Work request →
Would you restate the listing word for word, with the images omitted?

Data shown →

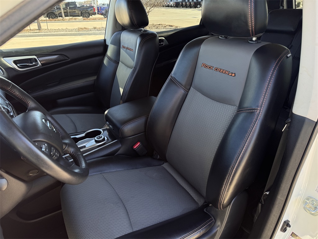 4WD, Bluetooth, Hands-Free Connections, Portable Audio Connections, Premium Audio, 3rd Row Seats, Backup Camera, Premium Wheels, High Performance Tires, Pathfinder SV, 4D Sport Utility, V6, CVT with Xtronic, 4WD, Pearl White Tricoat, Rock Creek w/Unique Rock Creek Edition Seating Surfaces, Black Door Handles, Black License Plate Finisher, Black Mesh Grille & V-Motion, Black Molded Over Fenders, Black Outside Rearview Mirrors, Black Roof Rails, Blind Spot Warning, Front Aesthetic Silver Skid Plate, Premium Metallic Interior Trim, Rear Parking Sensors, Rock Creek Edition, Splash Guards, Trailer Tow Hitch & Harness, Unique Front Door Badging, Unique Rock Creek Edition Seating Surfaces, Wheels: 18" Unique Dark.
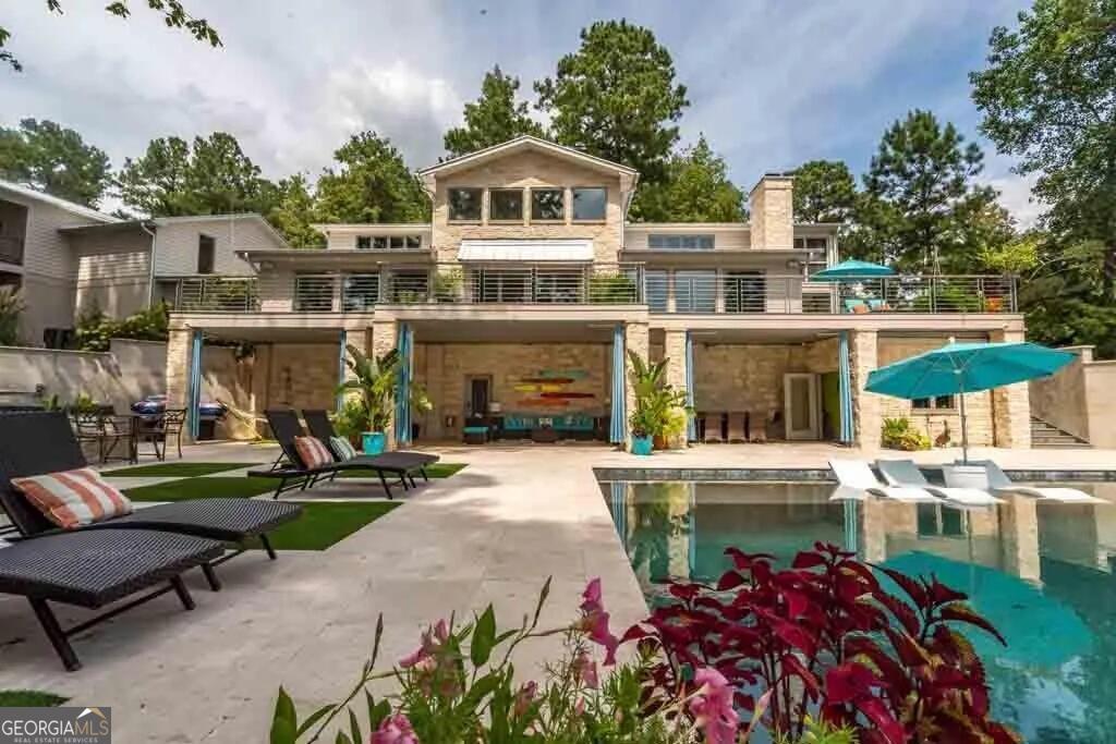 Pristine, 5 bedroom, 5 full baths and 2 half baths, showcase home featuring an infinity pool and sweeping open water views of Lake Harding. The living room spans the entire width of the home with amazing lake views. It has three separate areas for entertaining and includes a full wet bar with ice maker, refrigerator, custom cabinets with ebony granite. Chefs kitchen includes mirrored sill stone counters, huge island, top of the line Thermador appliances including separate full size frig, freezer and wine cooler, six burner gas stove with griddle, oven and steam oven. Oversized master suite has an upscale, resort like bathroom, free standing tub with amazing water views as well a screened in porch overlooking the lake which is great for relaxing. Four additional bedrooms and bathrooms all have custom cabinets and rainfall shower heads. These bathrooms feature a steam shower and sauna as well. Additional rooms over the 3 car garage is a living room, bedroom and bathroom with a balcony overlooking the lake. Partially covered pool deck includes an overlarge negative edge resort style infinity pool with a detached jacuzzi and covered bar area. Brand new rebuilt 2-story boat dock with composite decking and oversized wrap around wharf. Furniture negotiable!
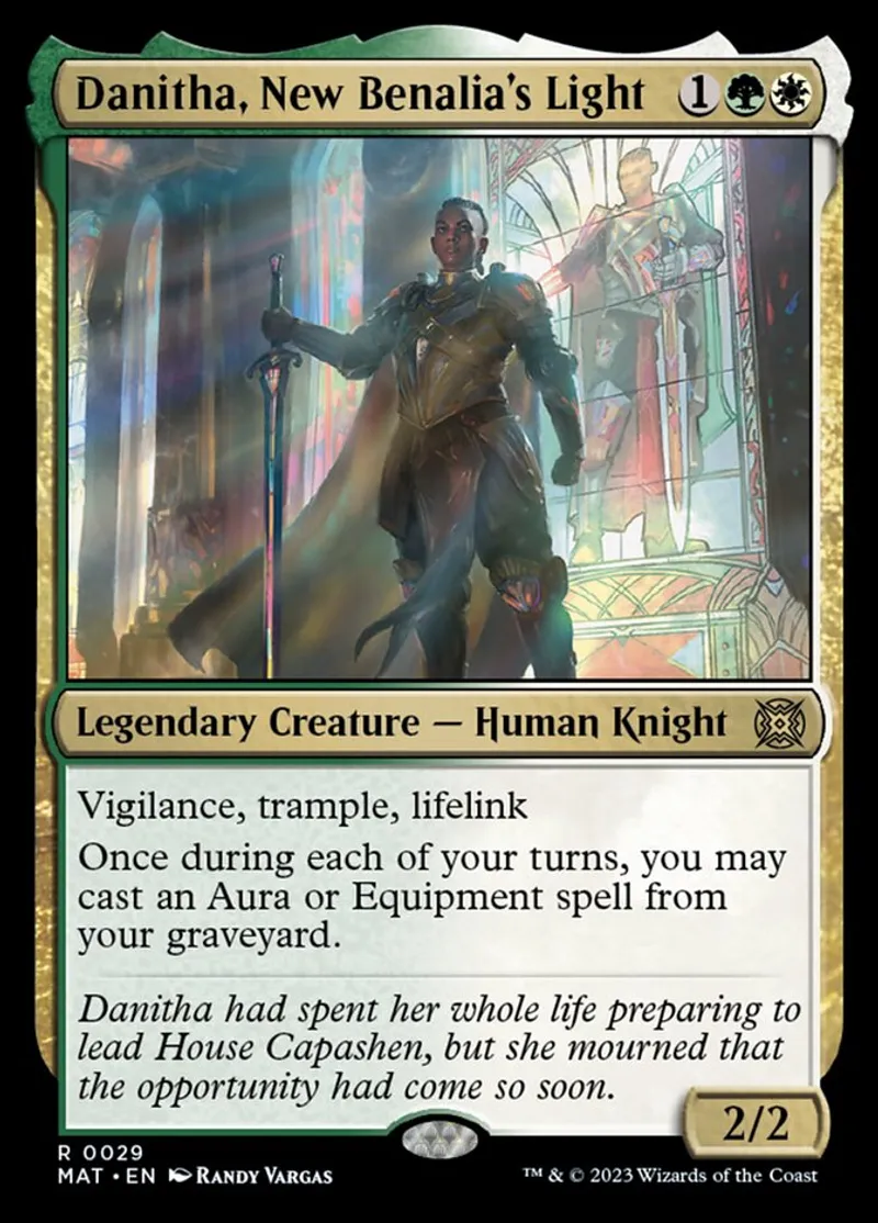 Magic: the Gathering (mtg) rare Legendary Creature — Human Knight Danitha, New Benalia's Light from March of the Machine: The Aftermath (mat) last updated 2026-02-24 14:56:32

Answer →
 4WD, Bluetooth, Hands-Free Connections, Portable Audio Connections, Premium Audio, 3rd Row Seats, Backup Camera, Premium Wheels, High Performance Tires, Pathfinder SV, 4D Sport Utility, V6, CVT with Xtronic, 4WD, Pearl White Tricoat, Rock Creek w/Unique Rock Creek Edition Seating Surfaces, Black Door Handles, Black License Plate Finisher, Black Mesh Grille & V-Motion, Black Molded Over Fenders, Black Outside Rearview Mirrors, Black Roof Rails, Blind Spot Warning, Front Aesthetic Silver Skid Plate, Premium Metallic Interior Trim, Rear Parking Sensors, Rock Creek Edition, Splash Guards, Trailer Tow Hitch & Harness, Unique Front Door Badging, Unique Rock Creek Edition Seating Surfaces, Wheels: 18" Unique Dark.
 Pristine, 5 bedroom, 5 full baths and 2 half baths, showcase home featuring an infinity pool and sweeping open water views of Lake Harding. The living room spans the entire width of the home with amazing lake views. It has three separate areas for entertaining and includes a full wet bar with ice maker, refrigerator, custom cabinets with ebony granite. Chefs kitchen includes mirrored sill stone counters, huge island, top of the line Thermador appliances including separate full size frig, freezer and wine cooler, six burner gas stove with griddle, oven and steam oven. Oversized master suite has an upscale, resort like bathroom, free standing tub with amazing water views as well a screened in porch overlooking the lake which is great for relaxing. Four additional bedrooms and bathrooms all have custom cabinets and rainfall shower heads. These bathrooms feature a steam shower and sauna as well. Additional rooms over the 3 car garage is a living room, bedroom and bathroom with a balcony overlooking the lake. Partially covered pool deck includes an overlarge negative edge resort style infinity pool with a detached jacuzzi and covered bar area. Brand new rebuilt 2-story boat dock with composite decking and oversized wrap around wharf. Furniture negotiable!
 Magic: the Gathering (mtg) rare Legendary Creature — Human Knight Danitha, New Benalia's Light from March of the Machine: The Aftermath (mat) last updated 2026-02-24 14:56:32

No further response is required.